Nevertheless, some utilities may have grown to like-or at least accept-the idea of state oversight. AEP suggests that federal authority might step in only as a backstop, if state-centered processes bog down.
"How do you fix it? ... AEP does not believe that we should go to full federal preemption," says Pasternack. "We believe that the states still have processes that can work, and we should allow those processes to work. But, perhaps there should be some backstop in the sense that if those processes are not working in a timely fashion, then you could go to the federal government and have them step in."
Yet Pasternack does acknowledge problems with projects that affect more than a single state.
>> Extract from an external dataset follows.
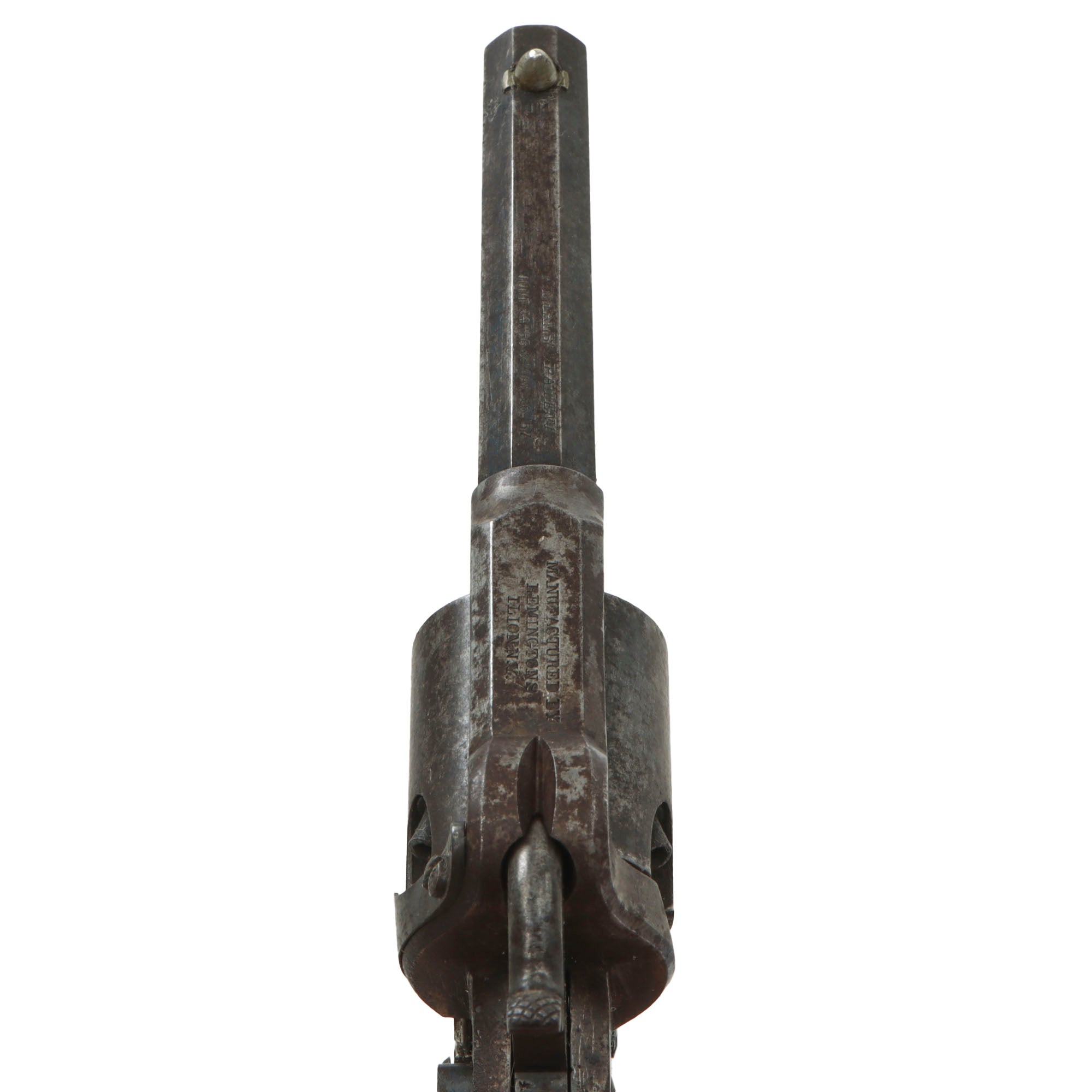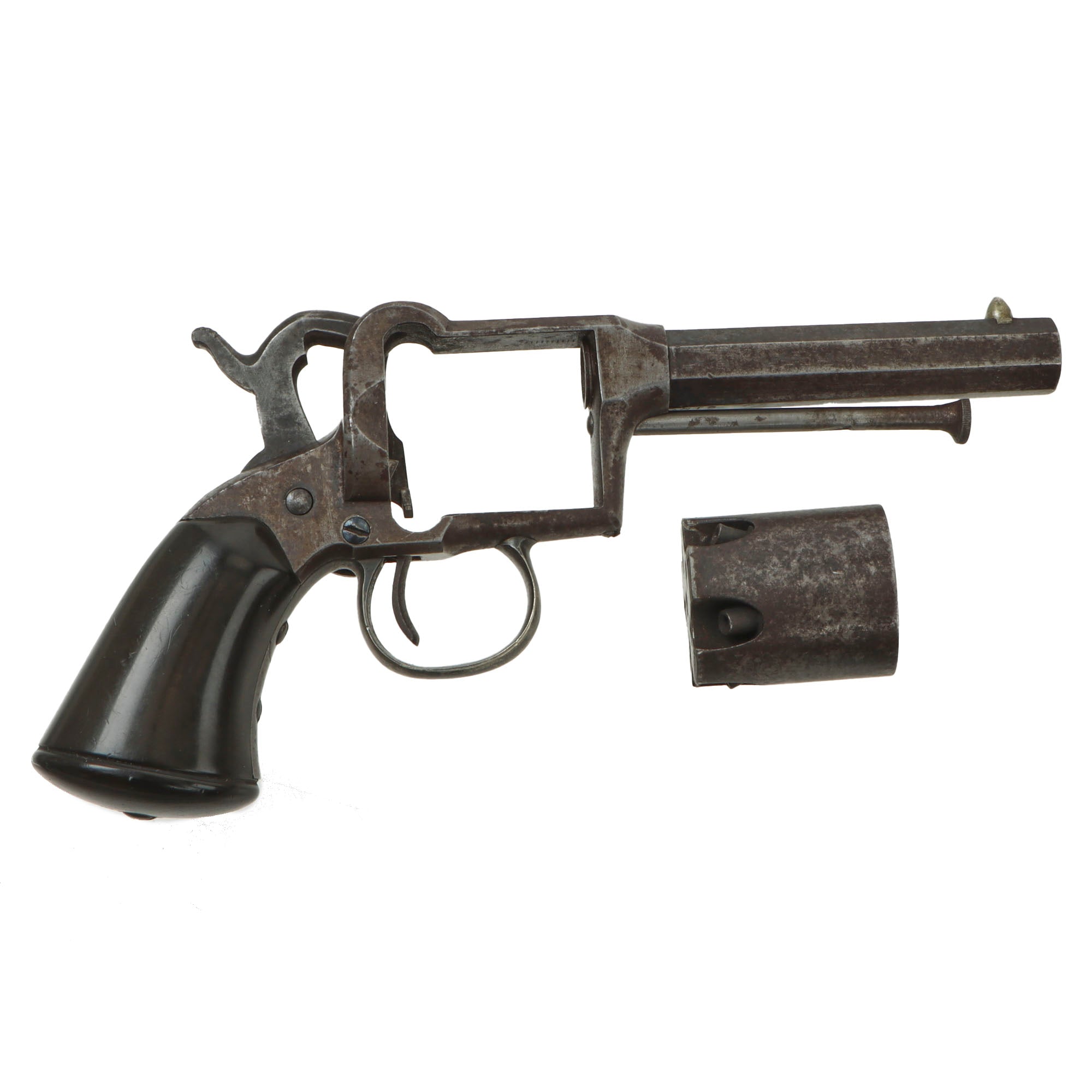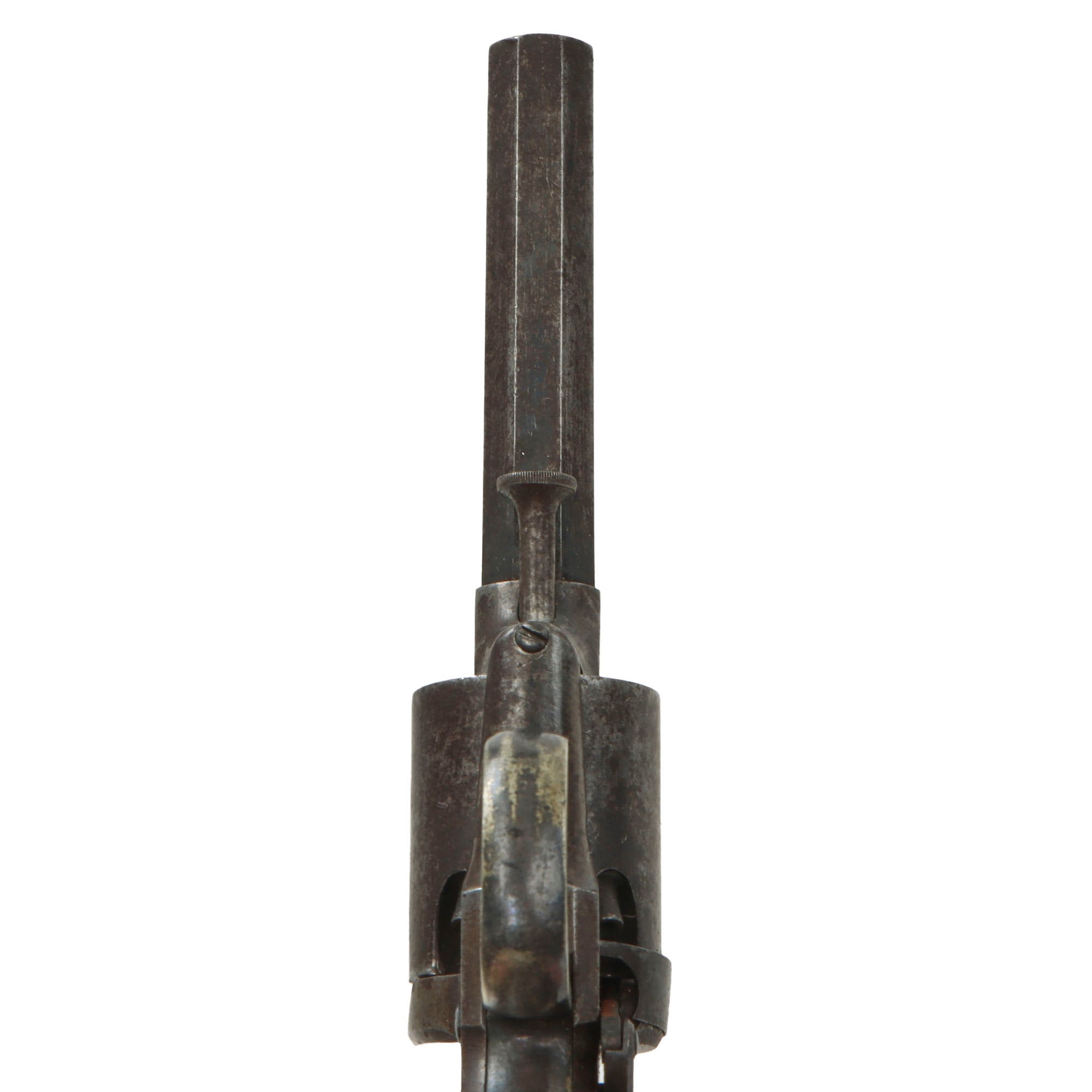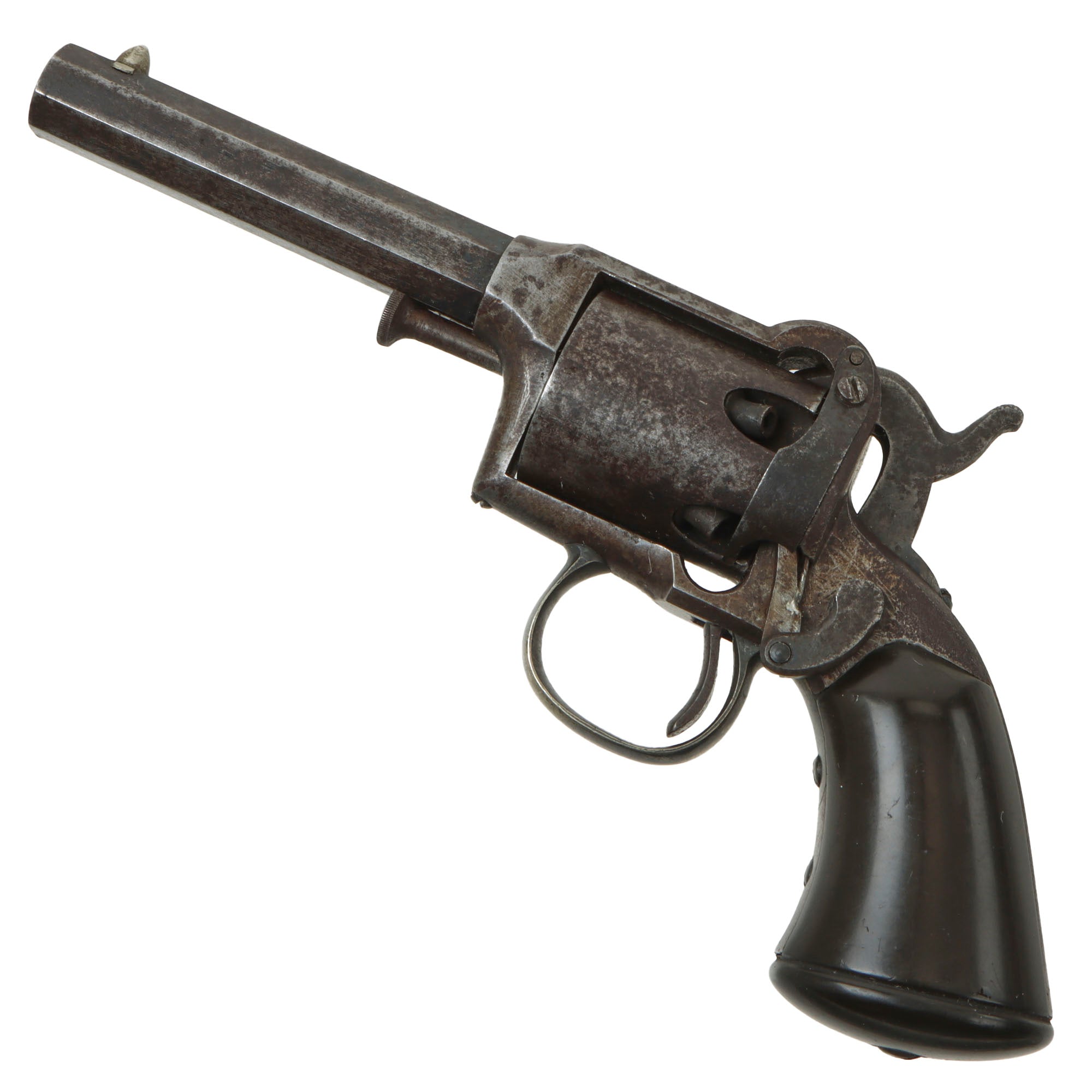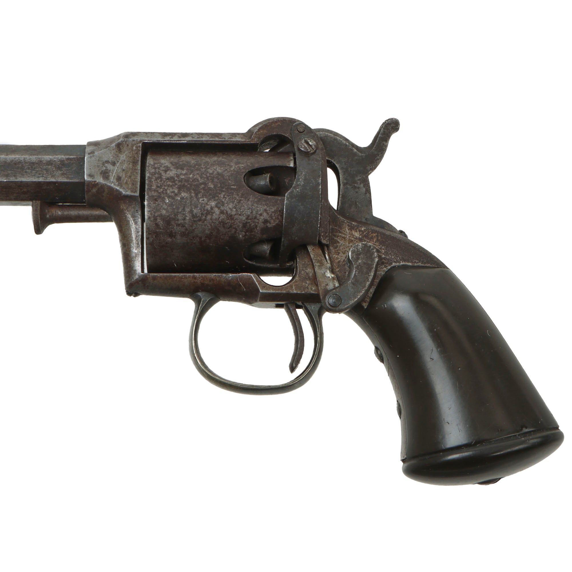 It was a spur trigger, .31-caliber, 5-shot percussion revolver, with 3" octagonal barrel and squared rubber grip. Approximately 1,000 were manufactured between 1858 and 1860.

"The multi-state part of it certainly has caused us some difficulty because, you know, each state wants to wait to see what the other state is going to do," says AEP's Pasternack. "And then there are issues around the question of, 'Well, gee, the route is impacting my state more than it's impacting the other state. There ought to be a different route that impacts my state less ... .'"
And centralized federal control can mask problems that arise when multiple federal agencies must approve a project. AEP's project, for example, involves the US Forest Service, Park Service, and Army Corps of Engineers.
"One problem we run into," says Pasternack, "is the US Forest Service, which is the lead agency for this particular line. While they were waiting for the states to determine need, they weren't willing to do a lot of work on the environmental side-which is, I guess, understandable [because] when they get into route specific work, it becomes wasted if the state decides on a different route. So you've got that issue."
And given that AEP is working with several federal agencies on the project, it's not surprising that the company sees so many sides to the issue.
"We think there needs to be some streamlining within the federal process itself," adds Pasternack. "We could still have the separate state process with the federal [government] as a backstop, but where you need federal permits, the federal agencies really have to get their act together, too."